1401 Timur sacks Baghdad

When a list of Very Bad People in History is drawn up, one will see the familiar names of Hitler, Stalin, Mao and Jack the Ripper. Spare a moment to remember Timur the Lame or Tamerlane, the Mongol conqueror who killed people on an industrial scale, perhaps as much as 5% of the world’s population at the time. He exterminated Christianity in Central Asia, sacked Delhi, Isfahan and Baghdad and left towers of skulls behind him.

1603 King James I succeeds Elizabeth of England

Elizabeth I, the Virgin Queen, never named an heir lest it provoke a rebellion against her. Fortunately her advisers had secretly arranged for James VI of Scotland to become her successor. He possessed the virtues of possessing Tudor blood, being male and a Protestant. When Elizabeth’s last words “All my possessions for a moment of time” had been spoken, James was summoned to London and the crown.

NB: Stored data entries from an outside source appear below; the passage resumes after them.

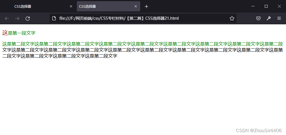 ::first-letter用于指定匹配元素的第一个文本字符的样式。
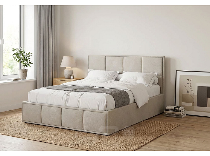 Кровать Октавия велюр бежевый без подъёмного механизма 1400x2000, без ортопедического основания, изголовье мягкое
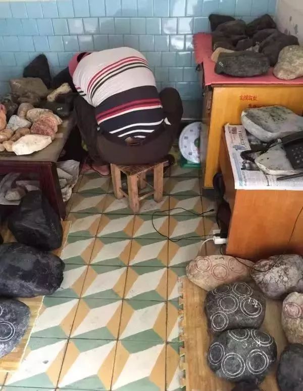 现在周哥看起来跟魔障一样,可以几个月不出门,躲在楼上弄石头,不让他玩他可能会疯掉。我们就给他送去一些不值钱的石料给他磨啊洗啊。以前受过他一些帮助和恩惠的老乡,会轮流接济一下他。比如这个月我给他一千块钱当伙食费,下个月就另外一朋友出,就这样让他先过着吧。
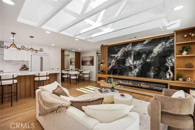 Experience unparalleled luxury in this impeccably remodeled, move-in-ready home that seamlessly blends sophistication with modern comfort. From the moment you step inside, you're greeted by an abundance of natural light and breathtaking media/fireplace wall that creates an inviting and serene ambiance. The sunny patio serves as a versatile space, perfect for relaxation or entertaining guests. The home's transformation includes a comprehensive renovation featuring central HVAC and a series of bespoke architectural enhancements. Notably, the living room boasts a stunning skylight and a custom wood and tile media surround, complemented by tailored lighting solutions. The residence exudes warmth and elegance throughout. The gourmet kitchen is a chef's dream, equipped with custom cabinetry, quartz countertops, and top-of-the-line appliances and fixtures. A generous waterfall-style island provides ample counter space and serves as a central hub for social gatherings. Retreat to the luxurious master suite, thoughtfully designed en-suite bathroom features a spacious, custom-tiled shower and premium appointments, offering a spa-like experience. Additional highlights include abundant built-in storage solutions and a conveniently located stackable washer and dryer in the hall closet. Parking is easily accessible, adding to the home's convenience. Residents of Laguna Woods Village enjoy access to an array of exceptional amenities, including golf, swimming, tennis, and a vibrant selection of clubs and social activities, all within a premier 55+ community. For a comprehensive view of this remarkable home, please click on the 360 Virtual Tours (VT) link.
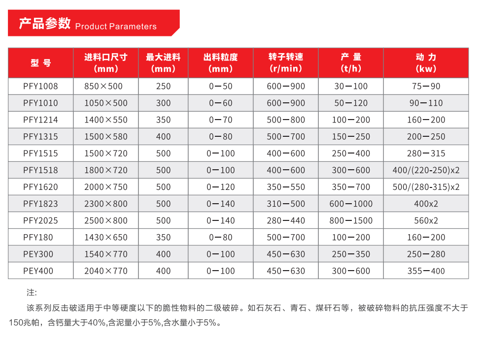 This series of products is our optimized design and developed a three-cavity impact crusher, with reasonable structure, large crushing ratio, high output, low energy consumption, convenient maintenance and other characteristics, especially suitable for the compressive strength of all kinds of materials not more than 250Mpa medium and fine crushing, It is the ideal equipment for high-grade highway, railway, water and electricity, chemical industry, building refractory materials, ceramics, glass and other industries.

1603 The establishment of the Tokugawa Shogunate

Tokugawa Ieyasu was a powerful feudal lord who clawed his way to the top of Japanese politics with a series of bloody victories over his rivals. The emperors of the time were regarded as ceremonial figureheads who might designate a shogun, or military governor. Tokugawa and his descendants held that post until their dynasty was overthrown in the mid-19th century and the power of the emperors restored.

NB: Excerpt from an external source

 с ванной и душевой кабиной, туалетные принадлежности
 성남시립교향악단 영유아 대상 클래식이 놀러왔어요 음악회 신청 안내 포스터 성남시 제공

1707 The Act of Union unites Scotland and England

Though England and Scotland had shared monarchs since 1603, the two counties had remained legally separate. The possibility that Scotland might chose its own ruler led the English to propose closer ties. Scotland, which was in dire financial straits and substantially undeveloped, saw economic advantage in Union. Once united significant differences in law and church structure still remained.

1944 Ardeatine Massacre in Rome

Following the ousting of Benito Mussolini as Italian Duce and the surrender of Italian armies to the Allies, German forces occupied the country. On March 23, a column of military police was marching through Rome when Communist partisans exploded a roadside bomb which killed dozens of the soldiers. Hitler ordered immediate reprisals with 10 Italians to be killed for each German casualty. The victims were chosen from already jailed political prisoners or Jews but that did not provide the required number so random raids and street round-ups were used to make up the remainder. The 330 prisoners were taken to a nearby quarry and shot 5 at a time.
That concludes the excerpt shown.